Cassio Carvalheiro

sábado, 26 de agosto de 2017

CRO 16 – PALAVRAS CRUZADAS (20.06.01)





CRÔNICAS 2001 – PUBLICADAS NO BLOG CONFRARIAS DO RISO

"PALAVRAS CRUZADAS”  integra a coletânea (CRÔNICAS 2001)  publicada no blog Confrarias do Riso.  A sequência cronológica das crônicas, escritas entre os meses de janeiro e agosto de 2001 não obedece a mesma sequência de suas postagens no blog. 

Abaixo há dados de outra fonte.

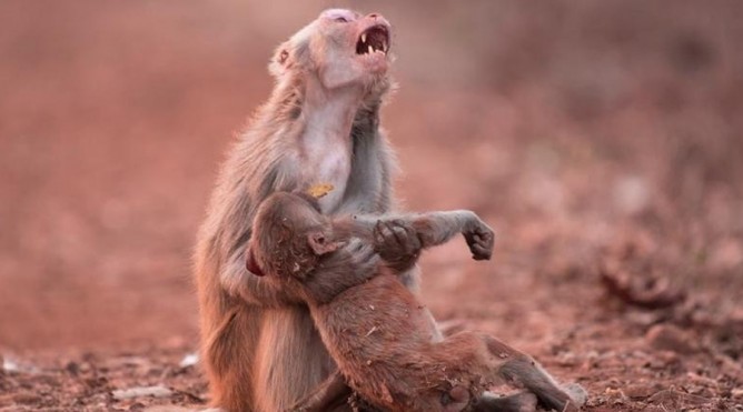 • பெற்ற பிள்ளையை கையில் ஏந்தி கதறி அழுத தாய் குரங்கு..!!

CRONICA 16 – PALAVRAS CRUZADAS (20.06.01) – TAM: 28 KB

https://licburlesco.blogspot.com/2017/08/cronica-16-palavras-cruzadas-200601.html

Saí cedo no sábado e voltei para casa às duas horas da madrugada de domingo. O “Estadão” do sábado ainda estava intato (variante de intacto, conforme o “Aurélio”, que o nefando corretor ortográfico do computador que utilizo para escrever esta crônica insiste em sublinhar), no aparador próximo a porta da entrada.
Peguei o jornal para ler, mas desisti, concluindo que, apagado de sono como estava, não valeria a pena ver o que o jornal estaria acrescentando sobre o “Apagão, As crônicas da veneranda Rachel de Queiroz ou do histriônico Veríssimo poderiam ser lidas no dia seguinte.  Além disso, novos detalhes sobre as peripécias do nosso atual presidente do Senado, o Barbalho, nas antigas maracutaias da extinta Sudam, não acrescentariam nada à péssima imagem que tenho desse político. Se o jornal estivesse publicando o dossiê do ex-senador ACM sobre o Jader Barbalho, com certeza não deixaria de ler.
O volumoso jornal de domingo preencheria minha curiosidade sobre todos os assuntos  da semana. O melhor que faria seria dormir, e acordar cedo para ir ver o concerto da Orquestra Filarmônica de Nova York, anunciado para aquela manhã de domingo, no parque do Ibirapuera. 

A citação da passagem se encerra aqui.